Oral Bicarbonate Slows Decline of Residual Renal Function in Peritoneal Dialysis Patients.

作者信息

Liu Xiang-Yang, Gao Xiu-Mei, Zhang Ning, Chen Rui, Wu Feng, Tao Xin-Chao, Li Chun-Jun, Zhang Ping, Yu Pei

机构信息

Department of Diabetic Nephropathy Hemodialysis, Key Laboratory of Hormones and Development (Ministry of Health), Tianjin Key Laboratory of Metabolic Diseases, Tianjin Metabolic Diseases Hospital & Tianjin Institute of Endocrinology, Tianjin Medical University, Tianjin, China.
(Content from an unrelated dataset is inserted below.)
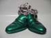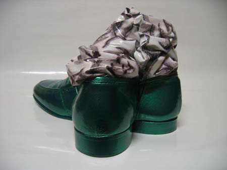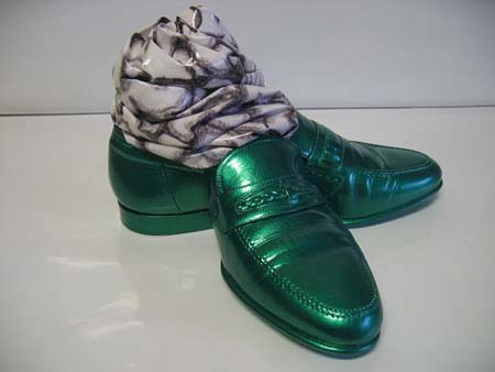 Sculture in cemento, scarpe, foglio di plastica stampato e vernice.

Department of Nephrology, Chinese PLA No. 254 Hospital, Tianjin, China.

出版信息

Kidney Blood Press Res. 2017;42(3):565-574. doi: 10.1159/000479641. Epub 2017 Sep 18.

Abstract

BACKGROUND/AIMS: Metabolic acidosis is a common consequence of end-stage renal disease (ESRD) which may result in a substantial adverse outcome. The effect of oral bicarbonate on the preservation of residual renal function (RRF) in peritoneal dialysis (PD) patients has been rarely reported.

METHODS

We randomly assigned 40 continuous ambulatory peritoneal dialysis (CAPD) patients to the oral bicarbonate group or placebo group at a 1: 1 ratio. All enrollments were followed for a duration of 104 weeks. We took residual creatinine clearance (CCr), a measure of residual renal function (RRF), as the primary outcome. Residual CCr was calculated as the average of urea and creatinine clearance from a 24-hour urine collection.

RESULTS

Thirteen patients in the placebo group and 15 patients in the treatment group completed the 104 weeks of follow-up with a comparable dropout rate (placebo group: 35% vs treatment group: 25%). Compared with the placebo group, serum bicarbonate in treatment group was significantly increased at each time point, and oral bicarbonate resulted in a slower declining rate of residual CCr (F=5.113, p=0.031). Baseline residual CCr at enrollment also had a significant effect on residual CCr (F=168.779, P<0.001). Charlson Comorbidity Index which was adopted to calculate a comorbidity score had no significant effect on residual CCr loss (F=0.168, P=0.685).

CONCLUSION

Oral bicarbonate may have a RRF preserving effect in CAPD patients, and a normal to high level of serum bicarbonate (≥24mmol/L) may be appropriate for RRF preservation.

摘要

背景/目的:代谢性酸中毒是终末期肾病(ESRD)的常见后果,可能导致严重不良后果。口服碳酸氢盐对腹膜透析(PD)患者残余肾功能(RRF)保留的影响鲜有报道。

方法

我们将40例持续性非卧床腹膜透析(CAPD)患者按1:1比例随机分为口服碳酸氢盐组或安慰剂组。所有入组患者随访104周。我们将残余肌酐清除率(CCr)作为残余肾功能(RRF)的一项指标作为主要结局。残余CCr通过24小时尿液收集计算尿素和肌酐清除率的平均值得出。

结果

安慰剂组13例患者和治疗组15例患者完成了104周的随访,两组失访率相当(安慰剂组:35% vs治疗组:25%)。与安慰剂组相比,治疗组各时间点血清碳酸氢盐均显著升高,口服碳酸氢盐使残余CCr下降速率减慢(F=5.113,p=0.031)。入组时的基线残余CCr对残余CCr也有显著影响(F=168.779,P<0.001)。用于计算合并症评分的Charlson合并症指数对残余CCr丢失无显著影响(F=0.168,P=0.685)。

结论

口服碳酸氢盐可能对CAPD患者有保留RRF的作用,血清碳酸氢盐正常至高值(≥24mmol/L)可能适合保留RRF。